Initialise the Gramian Matrix.

The Gramian Matrix is defined as $$ G = X^T \Gamma WX $$ where \(X\) is the design matrix, \(W\) is a diagonal, user-defined weight matrix, \(\Gamma\) is a diagonal matrix of exponentially discounting weights.

Numba

This function uses numba just-in-time-compilation.

Parameters:

  • X (ndarray) –

    Design matrix \(X\)

  • w (ndarray) –

    Weights vector

  • forget (float, default: 0 ) –

    Forget factor. Defaults to 0.

Returns:

  • ndarray

    np.ndarray: Gramian Matrix.

ondil.gram.init_y_gram

init_y_gram(
    X: ndarray, y: ndarray, w: ndarray, forget: float = 0
) -> np.ndarray

Initialise the y-Gramian Matrix.

The Gramian Matrix is defined as $$ H = X^T \Gamma WY $$ where \(X\) is the design matrix, \(Y\) is the response variable, \(W\) is a diagonal, user-defined weight matrix, \(\Gamma\) is a diagonal matrix of exponentially discounting weights.

Numba

This function uses numba just-in-time-compilation.

Parameters:

  • X (ndarray) –

    Design matrix \(X\)

  • y (ndarray) –

    Response variable \(Y\)

  • w (ndarray) –

    Weights vector

  • forget (float, default: 0 ) –

    Forget factor.
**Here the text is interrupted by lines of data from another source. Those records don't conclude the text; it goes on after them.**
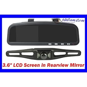 PRODUCT DESCRIPTION: Get the security you need to protect your family and friends. Eliminate the blinds spots and see what's behind you before you back up. Large 3.6" TFT LCD monitor built-inside of rear view Mirror is easy to view. Wireless Back-Up Camera System, no need for complex connect wire layout, easy install. Build-in 10 high-powered IR LED night vision helping to see better at night (see sample picture below) Automatic activate LCD backup view when on reverse position. Mirror and Up/Down image switch by pushing the button on the monitor Automatic sun blocking feature viewing while camera facing the sun 3.6 Color TFT-LCD color high resolution 960x240 Monitor allows you to see what is behind you before you back up Waterproof, heavy-duty IR camera mount to your license plate location For use with 12V DC electrical systems Installation is easy with the elimination of wires from camera to monitor Comes complete with everything you need to install Easy to read English installation manual See the actual test cases on the picture link above. (Due to the integration with monitor inside the mirror, daytime image might be have glare issue if direct bright light reflection on the mirror)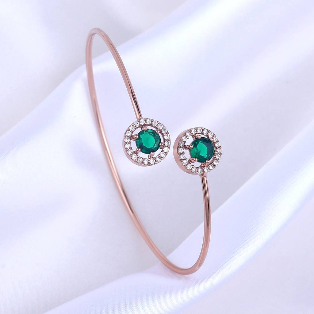 Estele Rosegold Plated Elegant And Lightweight Cuff Kada Bracelet With Stunning Green Stones For Girls & Women : AD-090-RGGNBR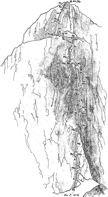 Μια παραλλαγή της διαδρομής (V+, 450μ) ανοίχτηκε στις 31/8/1965 από τους Γ. Μιχαηλίδη - Δ. Δεμέστιχα, σε 11ω, σκαρφαλώνοντας την κόψη από την βορειοδυτική πλευρά της.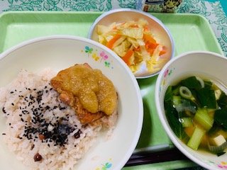 4月14日(水) 公開日 2021/04/14 更新日 2021/04/14 給食の献立 きょうのこんだて お赤飯、鶏肉の照り焼きおろしソース、春のお吸い物、ピリ辛キャベツ、牛乳です。 進級をお祝いしてお赤飯を炊きました。お吸い物には桜の型抜きしたかまぼこをあしらい、春を表現しています。 iPhoneから送信 いいね(0)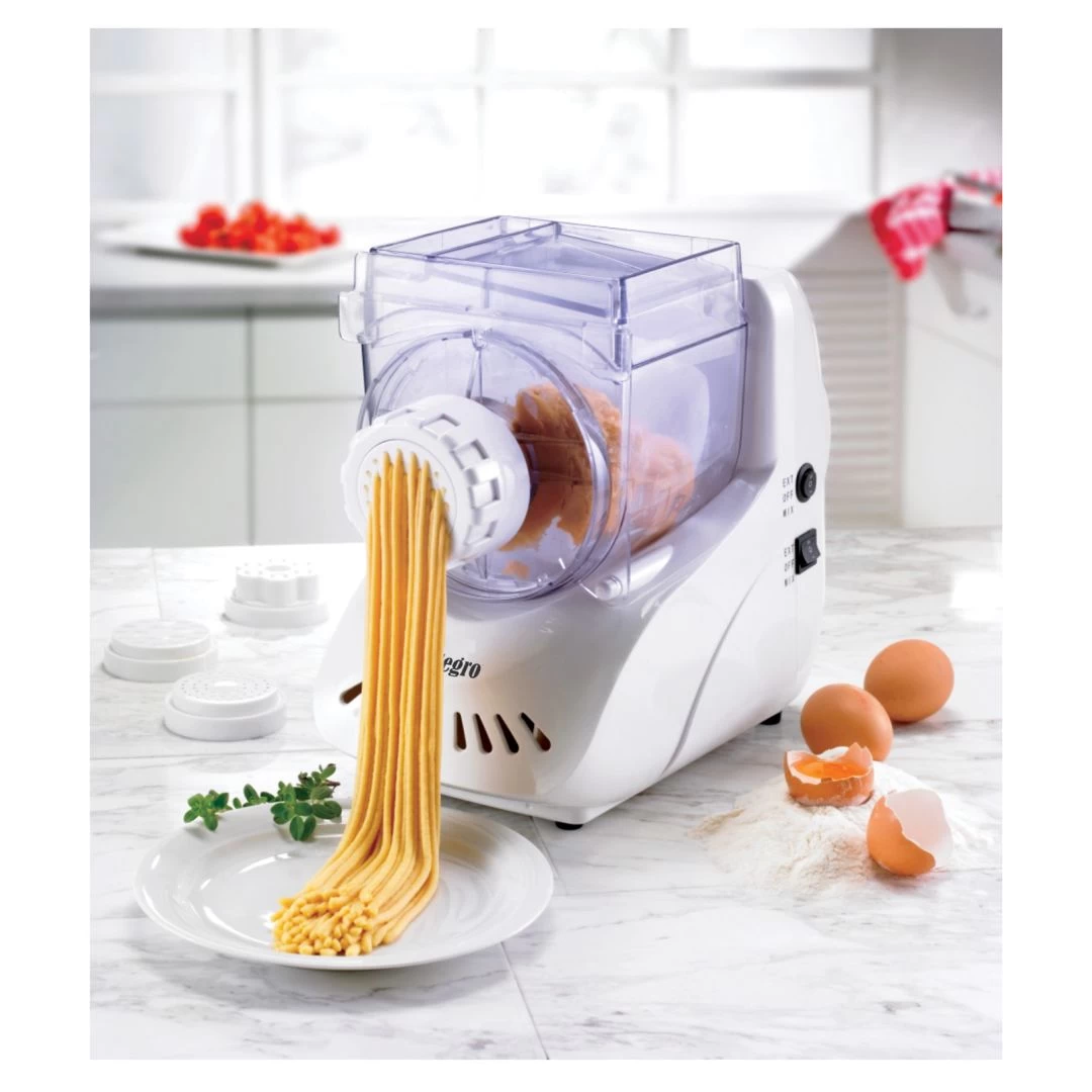 Pour ceux et celles qui désirent faire des pâtes fraîches maison, la machine à pâtes électrique Allegro de Strauss saura vous plaire. Avec ses sept embouts, vous pouvez faire des rigatonis, des spaghettis, des pappardelles, des linguines, des vermicelles, des gnocchis et des lasagnes. Vous pouvez même faire de la saucisse. Cette machine à pâtes est idéale pour ceux et celles qui veulent un appareil complet et facile à utiliser.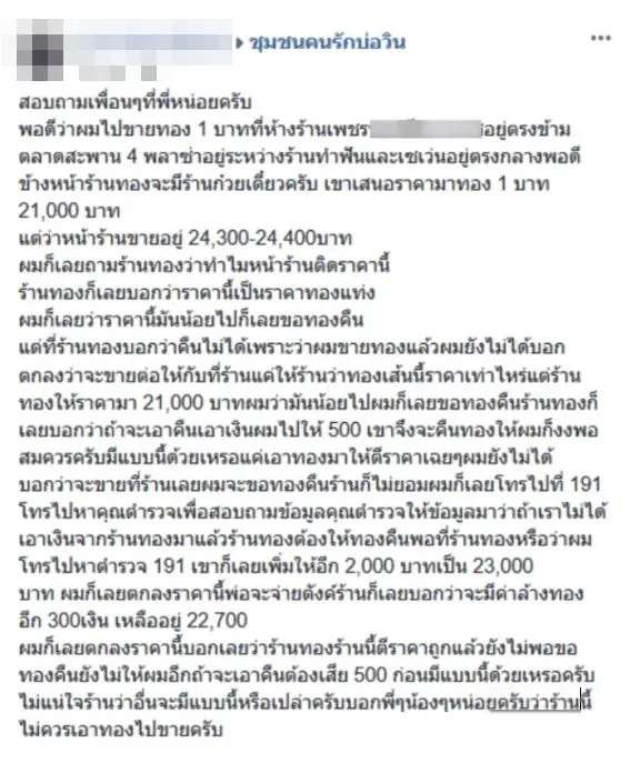 ซึ่งโพสต์ดังกล่าว ได้ระบุข้อความว่า ” สอบถามเพื่อนๆที่พี่หน่อยครับ พอดีว่าผมไปขายทอง 1 บาทที่ห้างร้านเพชรทองดีเยาวราชอยู่ตรงข้ามตลาดสะพาน 4 พลาซ่าอยู่ระหว่างร้านทำฟันและเซเว่นอยู่ตรงกลางพอดีข้างหน้าร้านทองจะมีร้านก๋วยเตี๋ยวครับ เขาเสนอราคามาทอง 1 บาท 21,000 บาท แต่ว่าหน้าร้านขายอยู่ 24,300-24,400บาท ผมก็เลยถามร้านทองว่าทำไมหน้าร้านติดราคานี้ ร้านทองก็เลยบอกว่าราคานี้เป็นราคาทองแท่ง ผมก็เลยว่าราคานี้มันน้อยไปก็เลยขอทองคืน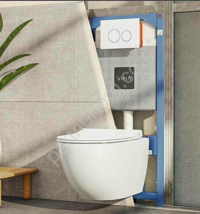 Sento L-Box комплект Vitra 9830B003-7207: инсталляция, клавиша смыва матовый хром, унитаз безободковый, сиденье с микролифтом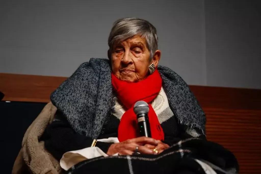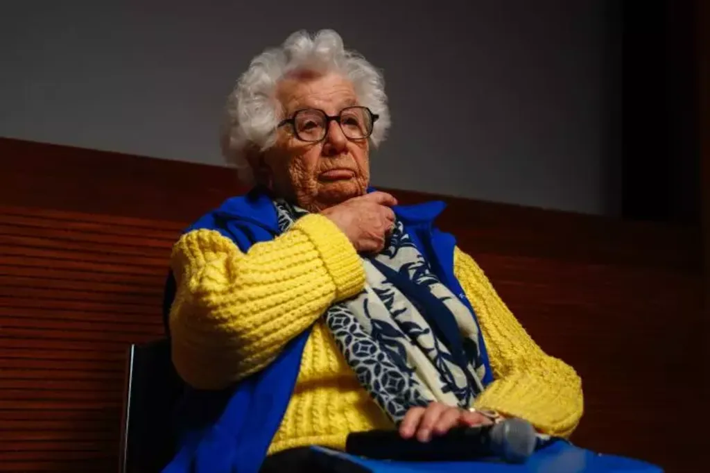 | Esther Sénot, survivante de l'Holocauste, lors d'une cérémonie marquant le 80e anniversaire de la libération des camps de concentration et d'extermination en Europe au Musée du Mémorial de la Shoah à Paris, le 19 janvier 2025. |

Defaults to 0.

Returns:

  • ndarray

    np.ndarray: y-Gramian Matrix.

ondil.gram.init_inverted_gram

init_inverted_gram(
    X: ndarray, w: ndarray, forget: float = 0
) -> np.ndarray

Initialise the inverted Gramian Matrix.

The inverted Gramian Matrix is defined as $$ G = (X^T \Gamma WX)^{-1} $$ where \(X\) is the design matrix, \(W\) is a diagonal, user-defined weight matrix, \(\Gamma\) is a diagonal matrix of exponentially discounting weights.

Numba

This function uses numba just-in-time-compilation.

Parameters:

  • X (ndarray) –

    Design matrix \(X\)

  • w (ndarray) –

    Weights vector

  • forget (float, default: 0 ) –

    Forget factor. Defaults to 0.

Returns:

  • ndarray

    np.ndarray: Gramian Matrix.

Raises:

  • ValueError

    If the matrix is not invertible (if rank(X.T @ X) < X.shape[0]).

ondil.gram.update_gram

update_gram(
    gram: ndarray,
    X: ndarray,
    forget: float = 0,
    w: float = 1,
) -> np.ndarray

Update the Gramian Matrix.

Numba

This function uses numba just-in-time-compilation.

Parameters:

  • gram (ndarray) –

    Gramian Matrix

  • X (ndarray) –

    New observations for \(X\)

  • forget (float, default: 0 ) –

    Forget factor. Defaults to 0.

  • w (float, default: 1 ) –

    Weights for the new observations. Defaults to 1.

Returns:

  • ndarray

    np.ndarray: Updated Gramian Matrix.

ondil.gram.update_y_gram

update_y_gram(
    gram: ndarray,
    X: ndarray,
    y: ndarray,
    forget: float = 0,
    w: float = 1,
) -> np.ndarray

Update the Y-Gramian Matrix.

Numba

This function uses numba just-in-time-compilation.

Parameters:

  • gram (ndarray) –

    Gramian Matrix

  • X (ndarray) –

    New Observations for \(X\)

  • y (ndarray) –

    New Observations for \(Y\)

  • forget (float, default: 0 ) –

    Forget Factor. Defaults to 0.

  • w (float, default: 1 ) –

    Weights for the new observations. Defaults to 1.

Returns:

  • ndarray

    np.ndarray: Updated Gramian Matrix.

ondil.gram.update_inverted_gram

update_inverted_gram(
    gram: ndarray,
    X: ndarray,
    forget: float = 0,
    w: float = 1,
) -> np.ndarray

Update the inverted Gramian Matrix.

Numba

This function uses numba just-in-time-compilation.

Parameters:

  • gram (ndarray) –

    Inverted Gramian Matrix.

  • X (ndarray) –

    New observations for \(X\).

  • forget (float, default: 0 ) –

    Forget Factor. Defaults to 0.

  • w (float, default: 1 ) –

    Weights for new observations. Defaults to 1.

Returns:

  • ndarray

    np.ndarray: Updated inverted Gramian matrix.